Launched the other day next to Top Lake Boat Hire in Merimbula and picked up 15 small pinkies next to the oyster leases on Gulp blood worms


----------



## paffoh (Aug 24, 2006)

Thanks for tip, blood worms and nippers should be the go!

Have a nice trip mate, I get down to Merimbula once every 3 months but that should improve to once a month when i get my 'P' plates in about...ooohhhh 1 1/2 months!

Watch out coasties!

Broooommmmmmmmmmmmmmmmmmmm


----------



## DiveYak (Feb 5, 2007)

John,

Might be a contender. Have to check with a mate in Bermi first. Your in a top part of the world


----------



## knot-too-fast (May 21, 2006)

> paffoh said:
> 
> 
> > Thanks for tip, blood worms and nippers should be the go!
> ...


Don't take any notice of the council road signs around here Paff...

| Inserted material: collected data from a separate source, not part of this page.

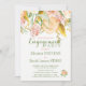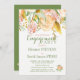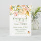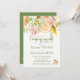 Rosas elegantes de marfim, pêssego, pincel e peônia de ouro buquê com convite de festa de noivado verde-férn com um texto moderno e moderno e comovível de tipografia. Ideal para uma festa de inverno ou de primavera floral.
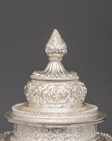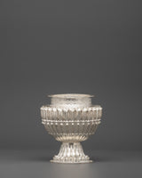 Crafted with precision and care, this handcrafted silver rice pot enhances the spiritual ambiance of any space while serving as a poignant reminder of the blessings bestowed upon us. Whether making small daily offerings or partaking in elaborate ceremonial activities, the pot's sacred energy can help you invoke peace, protection, and harmony. It is an essential component of Tibetan Buddhist traditions, Hindu rites, and other spiritual practices, and is frequently used to praise deities, seek blessings, and express gratitude for abundance. This gorgeously crafted ceremonial offering vessel is an ideal addition to any spiritual collection and perfect for your home altar. Meditation room, or a meaningful present for individuals who value traditional rituals. Bringing this 98% silver rice pot into your home can provide spiritual protection, prosperity, and benefits in your life.
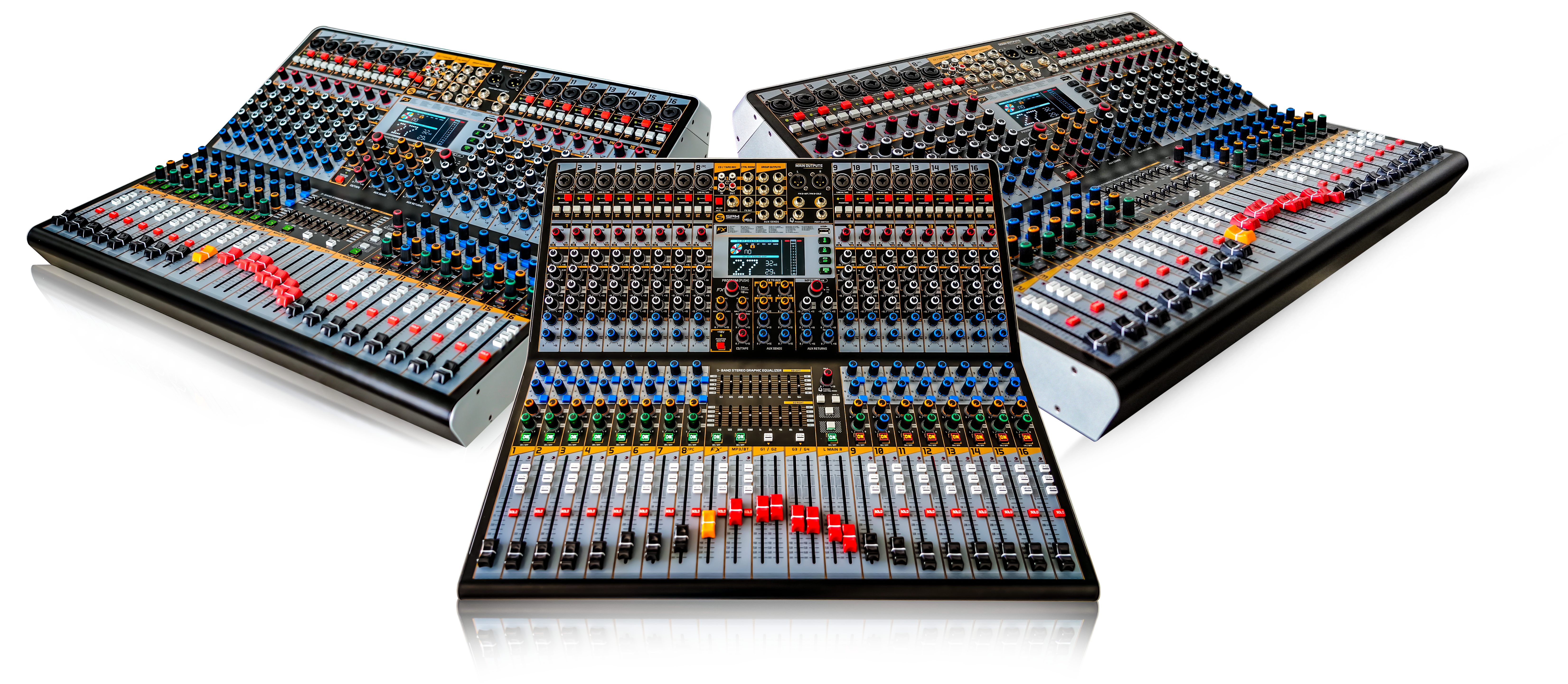 - Faders de 60 mm. con control preciso.
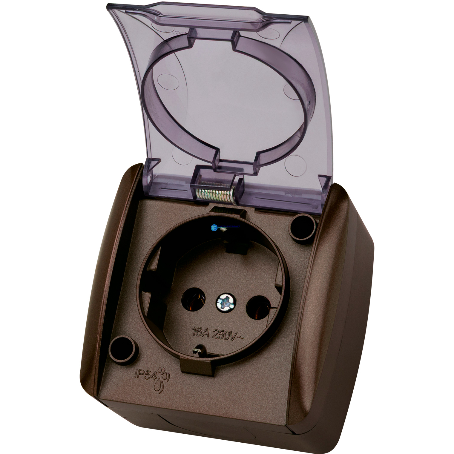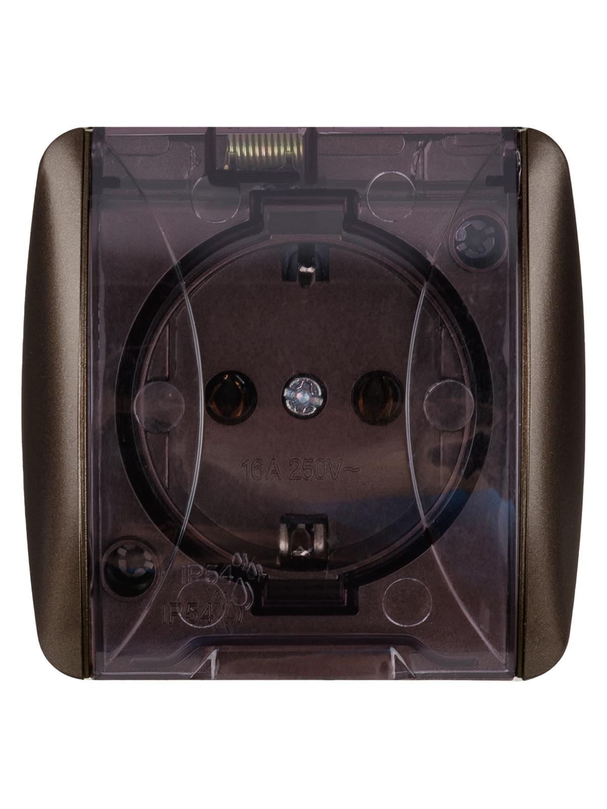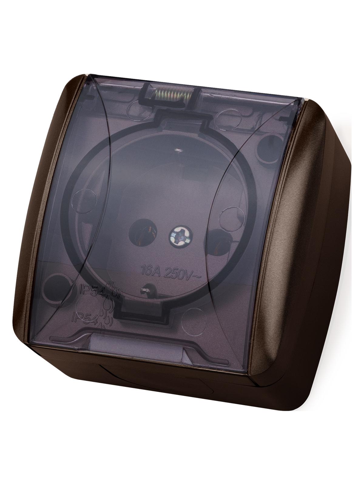 Розетка 2П+3 открытой установки IP54 16А с прозрачной крышкой шоколад "Селигер", код SQ1818-0207, производитель TDM
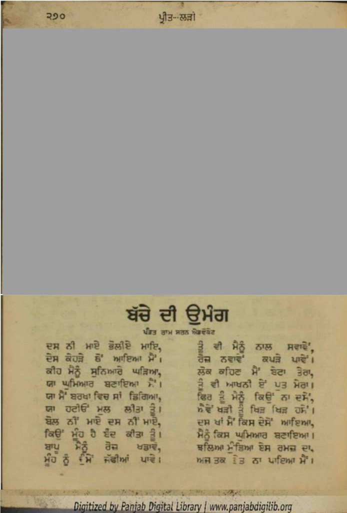 Poem – ਬੱਚੇ ਦੀ ਉਮੰਗ Pandit Ram Saran Advocate (1895-1946) published in Preet Lari December 1935 Share this: Share on WhatsApp (Opens in new window) WhatsApp Share on X (Opens in new window) X Print (Opens in new window) Print Share on Facebook (Opens in new window) Facebook Email a link to a friend (Opens in new window) Email Share on Pinterest (Opens in new window) Pinterest Share on LinkedIn (Opens in new window) LinkedIn Like Loading...
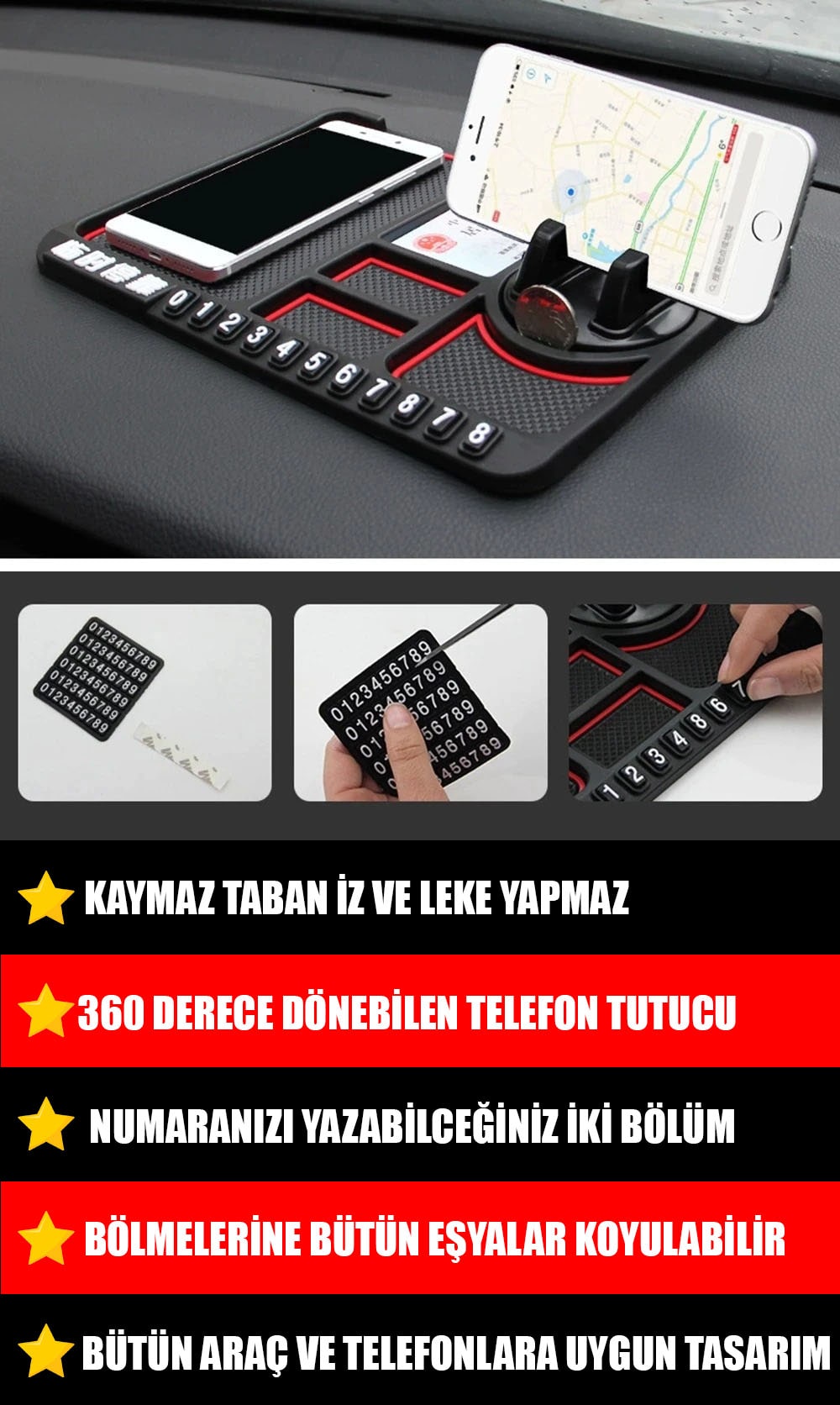 1 Adet NUMARATÖRLÜ 360 DÖNER PED TELEFON TUTUCU -
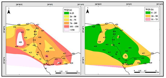 The values of WQI with iron and manganese concentrations for the groundwater samples in the study area (Table 8) and the spatial distribution map of WQI with iron and manganese (Figure 15a) show, for two samples (5%), the WQI values are between 26 and 50, and are acceptable for domestic, irrigation, and industrial uses (good). Fifteen samples (38.5%) were impure, with WQI 51–75, and are acceptable for irrigation and industrial uses (poor), and twelve of the samples (30.8%), with WQI 76–100, are acceptable for irrigation (very poor). A WQI between 101 and 150 was found in four of the samples (10.3%), which restricted their use for irrigation (unsuitable), and a WQI of more than 150 was found in six of the samples (15.4%), for which proper treatment is required before any use (unfit for drinking). The values of WQI without iron and manganese parameters in the groundwater samples in the study area (Table 8), and the spatial distribution map of WQI without iron and manganese parameters (Figure 15b), refer to twenty-six samples (66.6%), for which the WQI values are between 0.0 and 25 and are acceptable for drinking, irrigation, and industrial uses (excellent), and represent most of the study area. Twelve samples (30.8%) were impure, with WQI 26–50, and are acceptable for domestic, irrigation, and industrial uses (good), and one sample (2.6%), with WQI 51–75, is acceptable for irrigation and industrial uses (poor). The values of the WQI in the wastewater samples in the study area are more than 150 (Table 9), so this water needs proper treatment before any use.

*HOBIE FREE ZONE* :lol: :lol: :lol:


----------



## knot-too-fast (May 21, 2006)

> DiveYak said:
> 
> 
> > John,
> ...


Sounds great DiveYak. Hope we can hook up


----------



## Y-Knot (Sep 26, 2006)

Hiya John... sounds like fun chasing bream there on the lake and i see your spending near-on the whole week off 8) looking forward to your postings mate....


----------



## PeterJ (Aug 29, 2005)

Berms isn't that far from merimbula anyway, what an 1hr away.

oooo September is merimbula time for me ahhh


----------